TASK TO COMPLETE —
Restate the records below word for word, and omit the images they hold.

(Records from a data source)
____________

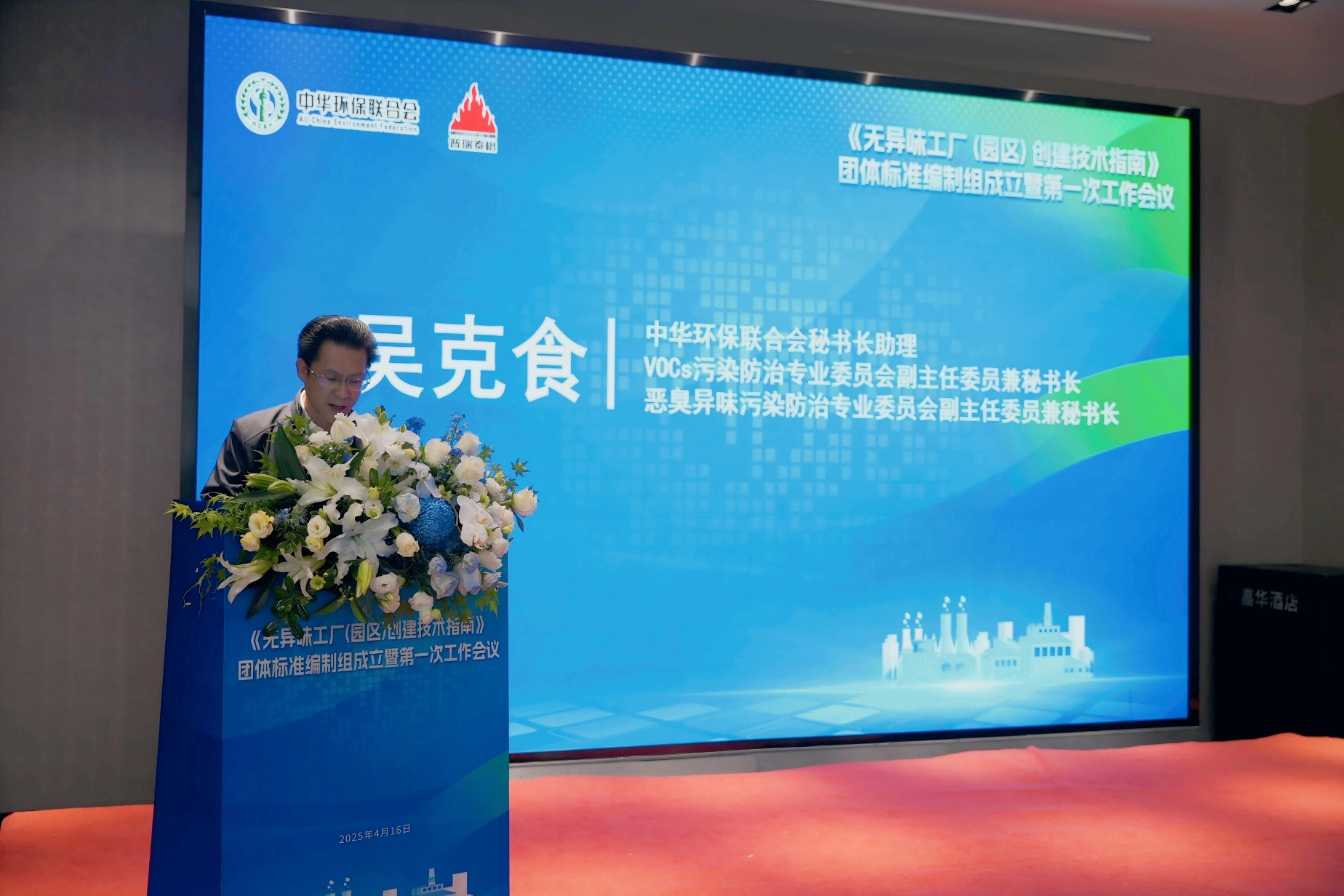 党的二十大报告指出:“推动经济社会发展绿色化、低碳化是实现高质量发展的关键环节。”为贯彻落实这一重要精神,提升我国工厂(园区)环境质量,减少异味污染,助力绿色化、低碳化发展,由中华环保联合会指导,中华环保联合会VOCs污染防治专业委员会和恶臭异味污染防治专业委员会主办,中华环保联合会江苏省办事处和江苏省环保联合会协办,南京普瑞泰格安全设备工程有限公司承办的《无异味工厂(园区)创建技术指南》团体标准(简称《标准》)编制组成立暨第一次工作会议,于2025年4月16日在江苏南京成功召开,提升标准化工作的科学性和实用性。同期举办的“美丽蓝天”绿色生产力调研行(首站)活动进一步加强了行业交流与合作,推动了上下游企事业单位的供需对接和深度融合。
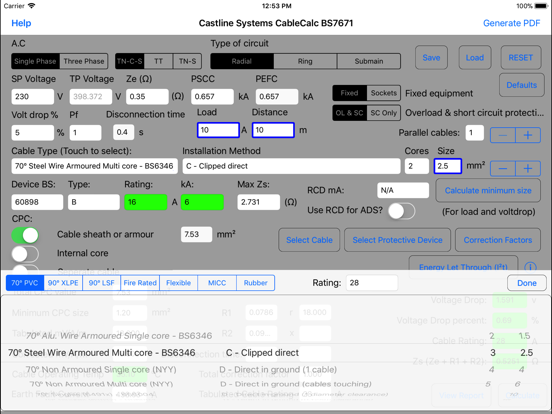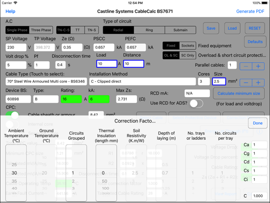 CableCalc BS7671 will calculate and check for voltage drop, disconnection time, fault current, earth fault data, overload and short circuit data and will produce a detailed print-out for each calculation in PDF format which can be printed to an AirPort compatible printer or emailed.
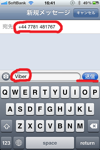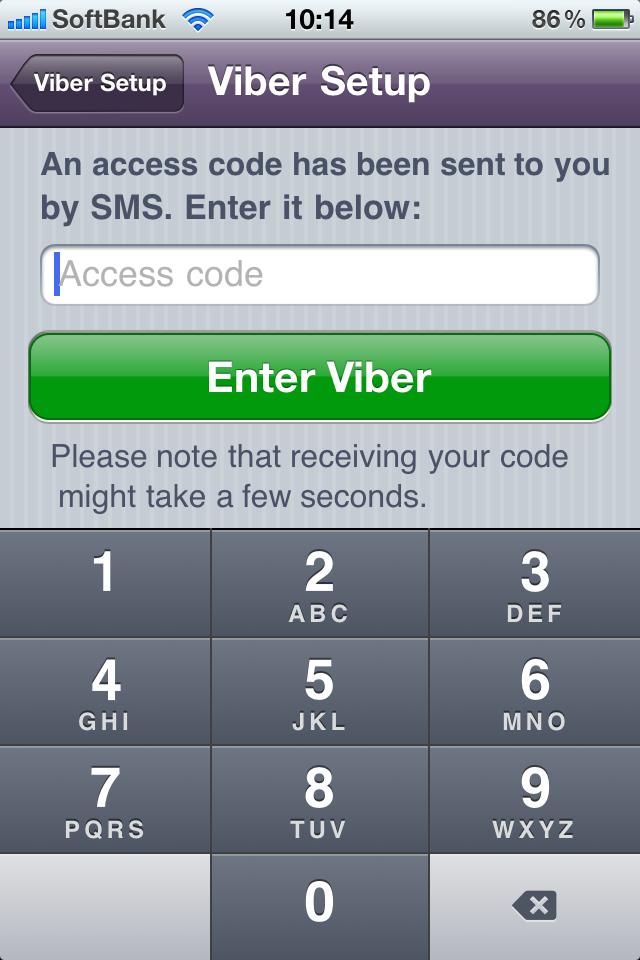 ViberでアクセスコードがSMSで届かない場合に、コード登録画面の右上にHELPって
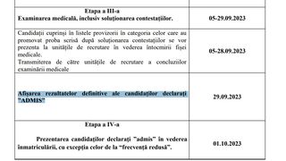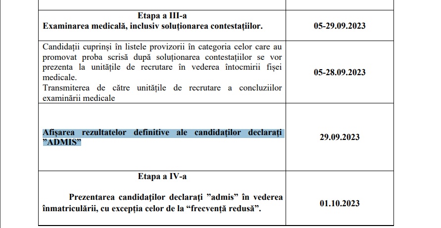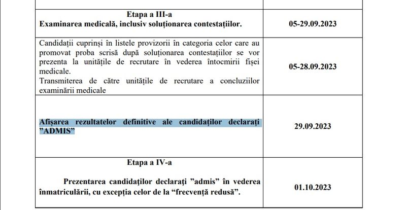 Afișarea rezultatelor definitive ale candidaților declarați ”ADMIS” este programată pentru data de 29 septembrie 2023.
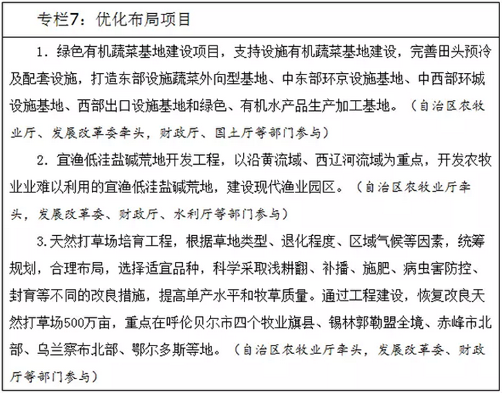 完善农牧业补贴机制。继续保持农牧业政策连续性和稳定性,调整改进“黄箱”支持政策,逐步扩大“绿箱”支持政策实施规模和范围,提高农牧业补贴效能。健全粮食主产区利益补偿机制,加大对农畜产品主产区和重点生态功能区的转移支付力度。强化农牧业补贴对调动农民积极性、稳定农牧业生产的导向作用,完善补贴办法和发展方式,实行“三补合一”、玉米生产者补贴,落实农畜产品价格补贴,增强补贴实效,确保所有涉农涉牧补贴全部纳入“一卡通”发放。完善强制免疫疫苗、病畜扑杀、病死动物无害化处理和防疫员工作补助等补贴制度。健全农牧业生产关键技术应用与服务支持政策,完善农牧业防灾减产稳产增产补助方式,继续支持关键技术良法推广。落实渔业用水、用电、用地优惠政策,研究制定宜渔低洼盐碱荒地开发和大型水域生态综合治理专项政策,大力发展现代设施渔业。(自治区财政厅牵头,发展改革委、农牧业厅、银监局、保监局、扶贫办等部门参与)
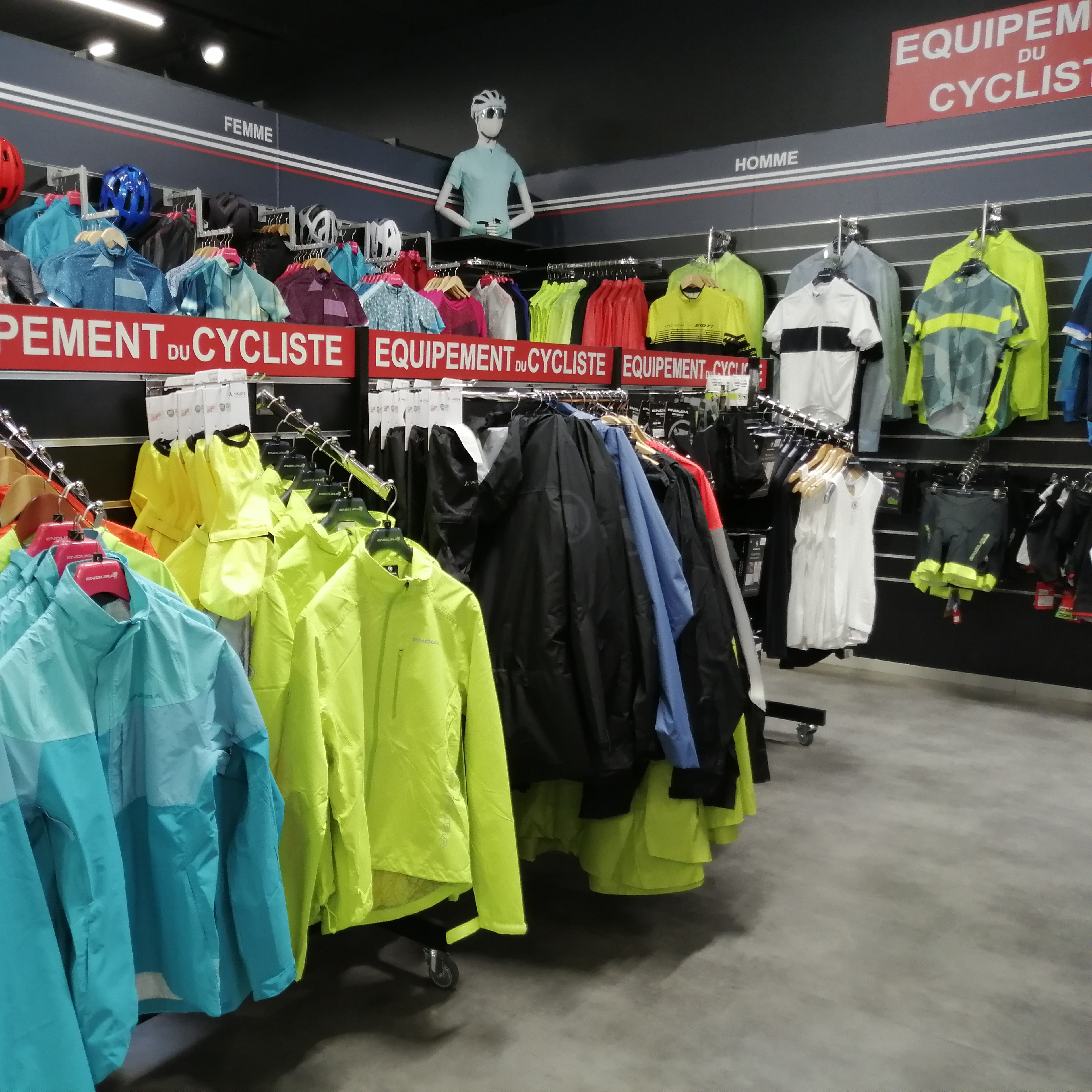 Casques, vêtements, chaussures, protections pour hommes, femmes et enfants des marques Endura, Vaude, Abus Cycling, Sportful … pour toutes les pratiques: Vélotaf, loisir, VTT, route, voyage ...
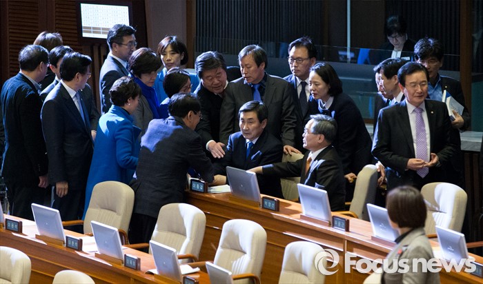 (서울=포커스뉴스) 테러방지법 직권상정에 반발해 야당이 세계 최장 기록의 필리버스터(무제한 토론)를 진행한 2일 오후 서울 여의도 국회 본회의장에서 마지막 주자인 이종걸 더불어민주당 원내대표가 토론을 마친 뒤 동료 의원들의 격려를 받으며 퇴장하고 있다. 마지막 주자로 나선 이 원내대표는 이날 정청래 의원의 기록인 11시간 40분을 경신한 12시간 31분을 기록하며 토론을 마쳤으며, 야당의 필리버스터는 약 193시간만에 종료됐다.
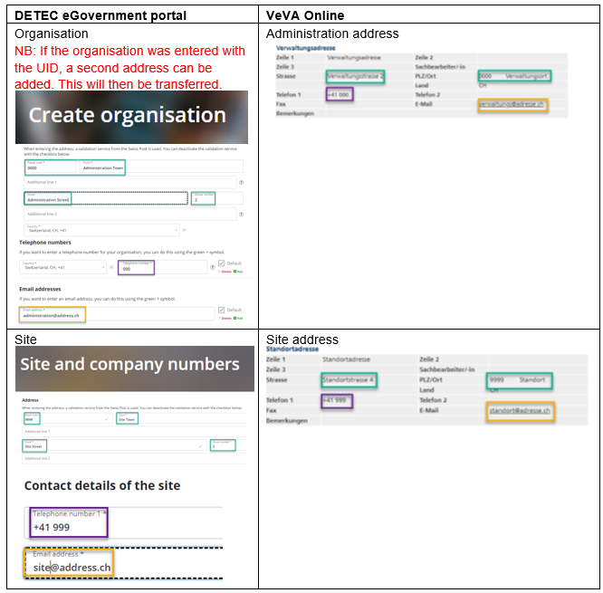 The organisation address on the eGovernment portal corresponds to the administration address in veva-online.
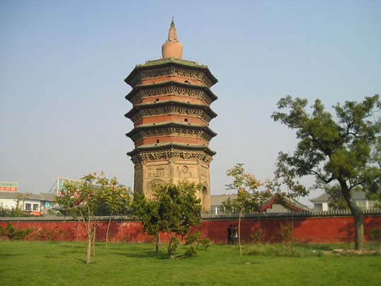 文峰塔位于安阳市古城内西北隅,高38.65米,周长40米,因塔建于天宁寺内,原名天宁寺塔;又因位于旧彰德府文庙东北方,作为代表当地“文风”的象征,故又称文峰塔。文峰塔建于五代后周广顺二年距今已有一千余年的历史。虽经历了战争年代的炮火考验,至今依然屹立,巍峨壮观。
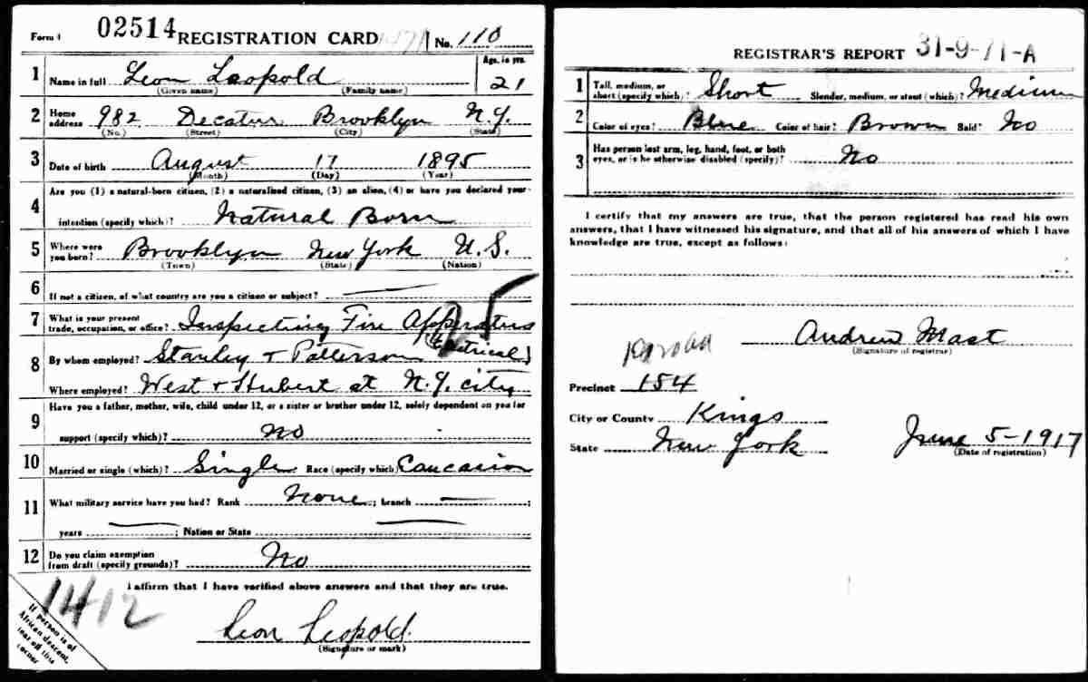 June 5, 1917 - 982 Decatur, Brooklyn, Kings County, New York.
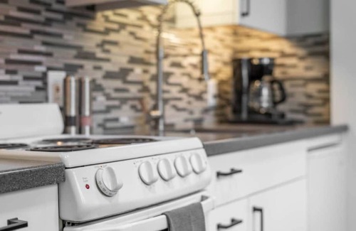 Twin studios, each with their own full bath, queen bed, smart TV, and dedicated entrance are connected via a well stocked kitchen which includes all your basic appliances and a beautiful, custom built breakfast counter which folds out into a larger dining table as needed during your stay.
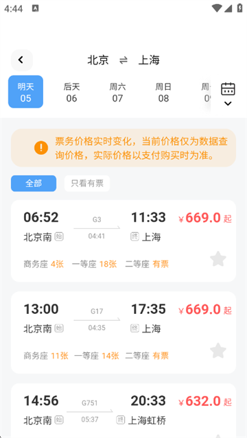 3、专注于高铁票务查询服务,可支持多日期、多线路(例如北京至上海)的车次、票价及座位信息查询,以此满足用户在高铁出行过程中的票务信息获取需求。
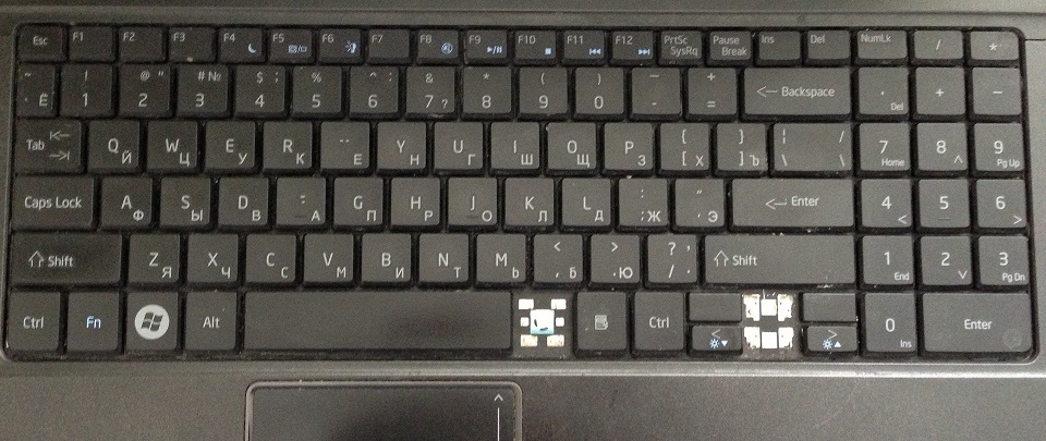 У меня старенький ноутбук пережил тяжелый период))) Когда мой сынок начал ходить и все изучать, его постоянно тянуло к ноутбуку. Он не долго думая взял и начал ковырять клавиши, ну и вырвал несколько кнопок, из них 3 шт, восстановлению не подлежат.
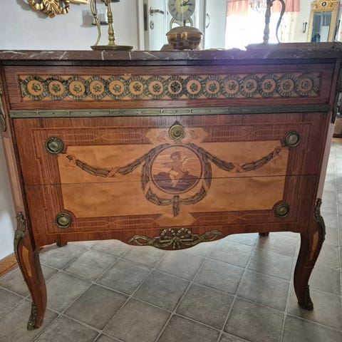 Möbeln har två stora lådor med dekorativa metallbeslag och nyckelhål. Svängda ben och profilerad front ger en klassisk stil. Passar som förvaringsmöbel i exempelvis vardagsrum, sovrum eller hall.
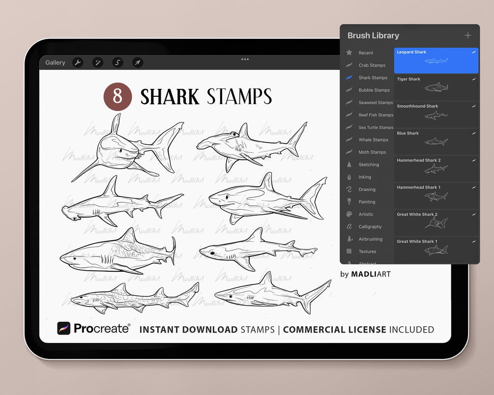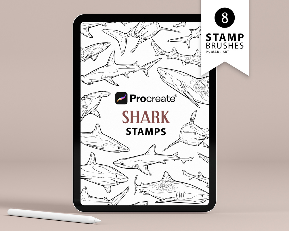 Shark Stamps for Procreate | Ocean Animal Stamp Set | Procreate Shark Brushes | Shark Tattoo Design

____________

ANSWER BOX —
 党的二十大报告指出:“推动经济社会发展绿色化、低碳化是实现高质量发展的关键环节。”为贯彻落实这一重要精神,提升我国工厂(园区)环境质量,减少异味污染,助力绿色化、低碳化发展,由中华环保联合会指导,中华环保联合会VOCs污染防治专业委员会和恶臭异味污染防治专业委员会主办,中华环保联合会江苏省办事处和江苏省环保联合会协办,南京普瑞泰格安全设备工程有限公司承办的《无异味工厂(园区)创建技术指南》团体标准(简称《标准》)编制组成立暨第一次工作会议,于2025年4月16日在江苏南京成功召开,提升标准化工作的科学性和实用性。同期举办的“美丽蓝天”绿色生产力调研行(首站)活动进一步加强了行业交流与合作,推动了上下游企事业单位的供需对接和深度融合。
 CableCalc BS7671 will calculate and check for voltage drop, disconnection time, fault current, earth fault data, overload and short circuit data and will produce a detailed print-out for each calculation in PDF format which can be printed to an AirPort compatible printer or emailed.
 ViberでアクセスコードがSMSで届かない場合に、コード登録画面の右上にHELPって
 Afișarea rezultatelor definitive ale candidaților declarați ”ADMIS” este programată pentru data de 29 septembrie 2023.
 完善农牧业补贴机制。继续保持农牧业政策连续性和稳定性,调整改进“黄箱”支持政策,逐步扩大“绿箱”支持政策实施规模和范围,提高农牧业补贴效能。健全粮食主产区利益补偿机制,加大对农畜产品主产区和重点生态功能区的转移支付力度。强化农牧业补贴对调动农民积极性、稳定农牧业生产的导向作用,完善补贴办法和发展方式,实行“三补合一”、玉米生产者补贴,落实农畜产品价格补贴,增强补贴实效,确保所有涉农涉牧补贴全部纳入“一卡通”发放。完善强制免疫疫苗、病畜扑杀、病死动物无害化处理和防疫员工作补助等补贴制度。健全农牧业生产关键技术应用与服务支持政策,完善农牧业防灾减产稳产增产补助方式,继续支持关键技术良法推广。落实渔业用水、用电、用地优惠政策,研究制定宜渔低洼盐碱荒地开发和大型水域生态综合治理专项政策,大力发展现代设施渔业。(自治区财政厅牵头,发展改革委、农牧业厅、银监局、保监局、扶贫办等部门参与)
 Casques, vêtements, chaussures, protections pour hommes, femmes et enfants des marques Endura, Vaude, Abus Cycling, Sportful … pour toutes les pratiques: Vélotaf, loisir, VTT, route, voyage ...
 (서울=포커스뉴스) 테러방지법 직권상정에 반발해 야당이 세계 최장 기록의 필리버스터(무제한 토론)를 진행한 2일 오후 서울 여의도 국회 본회의장에서 마지막 주자인 이종걸 더불어민주당 원내대표가 토론을 마친 뒤 동료 의원들의 격려를 받으며 퇴장하고 있다. 마지막 주자로 나선 이 원내대표는 이날 정청래 의원의 기록인 11시간 40분을 경신한 12시간 31분을 기록하며 토론을 마쳤으며, 야당의 필리버스터는 약 193시간만에 종료됐다.
 The organisation address on the eGovernment portal corresponds to the administration address in veva-online.
 文峰塔位于安阳市古城内西北隅,高38.65米,周长40米,因塔建于天宁寺内,原名天宁寺塔;又因位于旧彰德府文庙东北方,作为代表当地“文风”的象征,故又称文峰塔。文峰塔建于五代后周广顺二年距今已有一千余年的历史。虽经历了战争年代的炮火考验,至今依然屹立,巍峨壮观。
 June 5, 1917 - 982 Decatur, Brooklyn, Kings County, New York.
 Twin studios, each with their own full bath, queen bed, smart TV, and dedicated entrance are connected via a well stocked kitchen which includes all your basic appliances and a beautiful, custom built breakfast counter which folds out into a larger dining table as needed during your stay.
 3、专注于高铁票务查询服务,可支持多日期、多线路(例如北京至上海)的车次、票价及座位信息查询,以此满足用户在高铁出行过程中的票务信息获取需求。
 У меня старенький ноутбук пережил тяжелый период))) Когда мой сынок начал ходить и все изучать, его постоянно тянуло к ноутбуку. Он не долго думая взял и начал ковырять клавиши, ну и вырвал несколько кнопок, из них 3 шт, восстановлению не подлежат.
 Möbeln har två stora lådor med dekorativa metallbeslag och nyckelhål. Svängda ben och profilerad front ger en klassisk stil. Passar som förvaringsmöbel i exempelvis vardagsrum, sovrum eller hall.
 Shark Stamps for Procreate | Ocean Animal Stamp Set | Procreate Shark Brushes | Shark Tattoo Design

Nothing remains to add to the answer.